_HOW TO COMPLETE THIS TASK_.
In the entries below, begin at the line with "蹇先任用布带将孩子绑在胸前,跟着部队急行军几十公里,途中还要冒着敌机的轰炸。" and stop after the line with "PDT is a negligibly"; output those lines exactly and omit the pictures.

_PROVIDED DATA_.

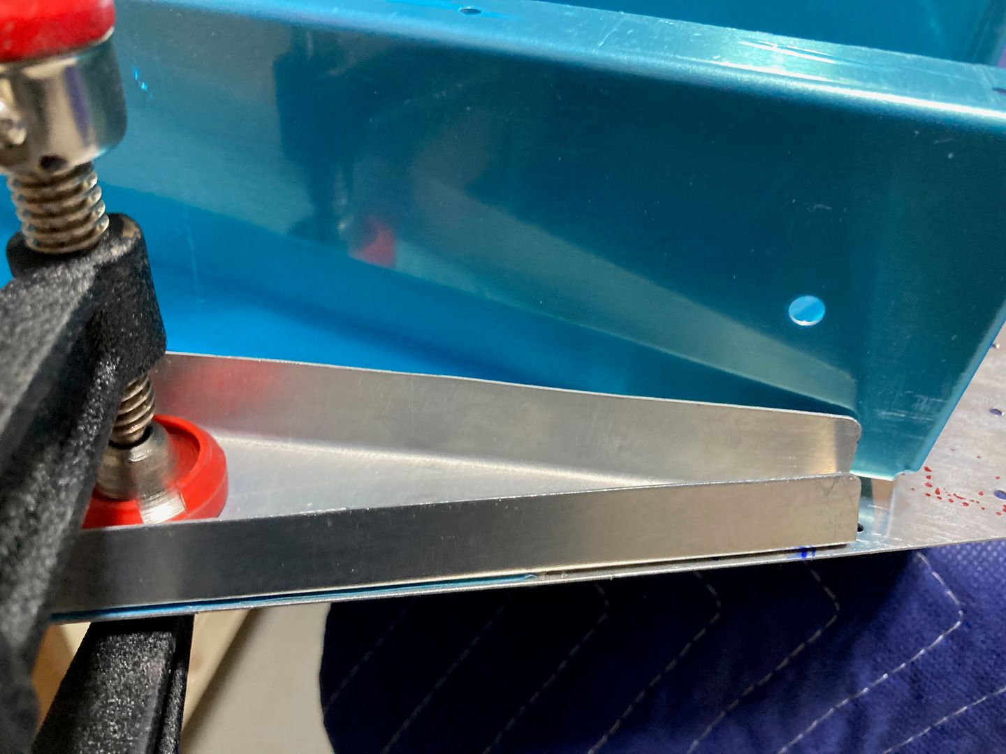 After that, I made attach straps for the ribs. I modified the forward attach strips, so they don't encroach on a neighbor rivet. I saw some folks would make the part larger to include four rivets on the rib side. However, the plans show three rivets (two to the F-623 corner ribs and one to the F-705 bulkhead), so I decided to make the part a bit narrower instead.
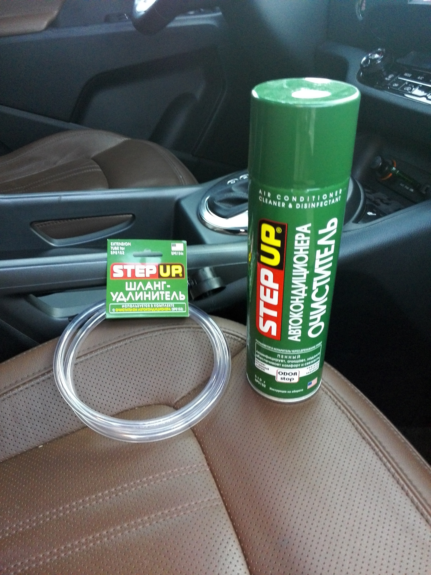 При выключении кондиционера и продувке вентилятора, стал замечать запах плесени. Заехал в один из сервисных центров по обслуживанию автокондиционеров, где мне поставили вот такую приблуду у ног переднего пассажира, и в течении часа это средство испарялось, мотор работал, кондиционер пыхтел в режиме рециркуляции.
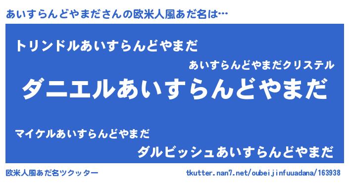 | 女子向けラノベタイトル風あだ名 | 『あいすらんどやまだ恋絵巻』 |
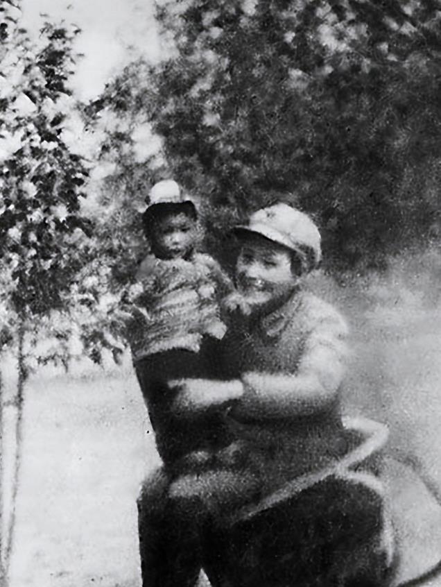 蹇先任用布带将孩子绑在胸前,跟着部队急行军几十公里,途中还要冒着敌机的轰炸。
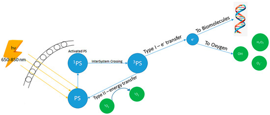 PDT is a negligibly intrusive treatment that merges the use of a non-toxic PS and visible light to provoke a specific cytotoxic action activity towards neoplastic cells [52,53,54].
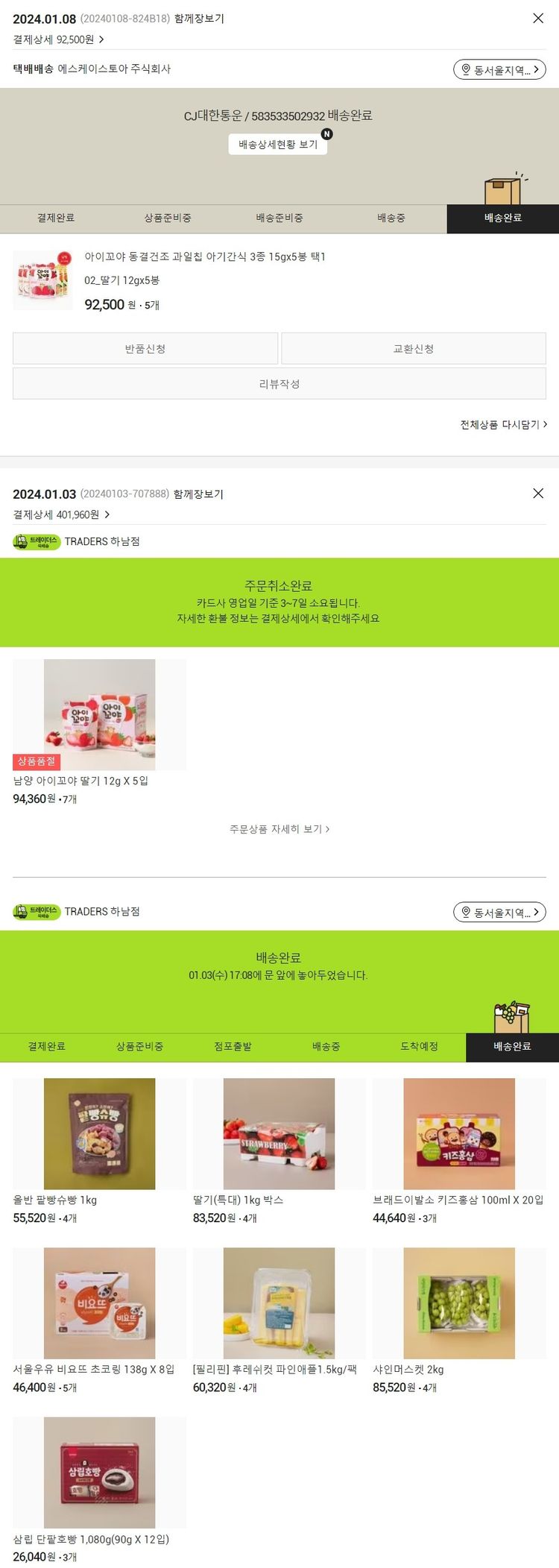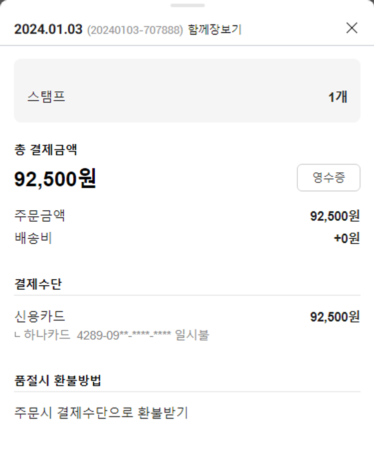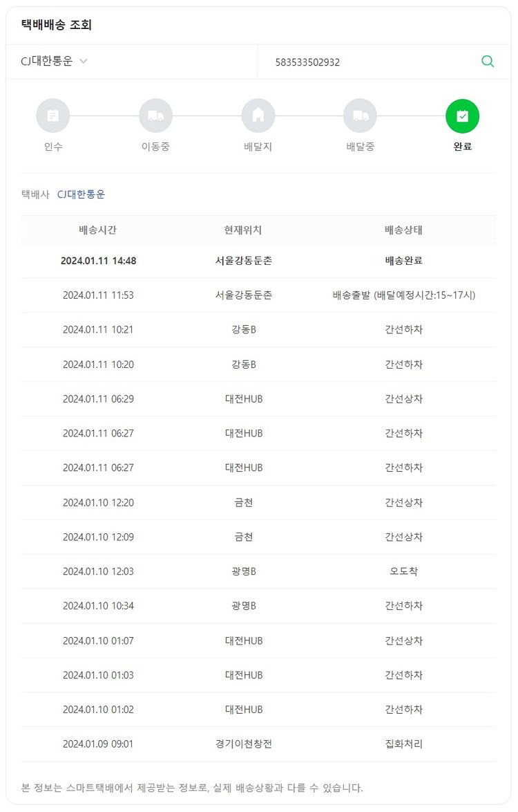 기부자님이 사용한 기부포인트 44,000원, 가격상승분 141원, 100원 미만 지원금 19원, 결제 수수료 10,413원, 기타 사업비는 행복나눔재단이 부담했습니다. (기부후기 발송시점에 최종 업데이트 됩니다.) 주문 건 중 품절 건 발생하여 2024. 01. 08. 재주문했습니다. 실제 쇼핑몰에서 확인되는 배송현황을 캡처한 내용입니다. 실시간 자료와는 차이가 있을 수 있습니다.

_WRITTEN REPLY_.
 蹇先任用布带将孩子绑在胸前,跟着部队急行军几十公里,途中还要冒着敌机的轰炸。
 PDT is a negligibly intrusive treatment that merges the use of a non-toxic PS and visible light to provoke a specific cytotoxic action activity towards neoplastic cells [52,53,54].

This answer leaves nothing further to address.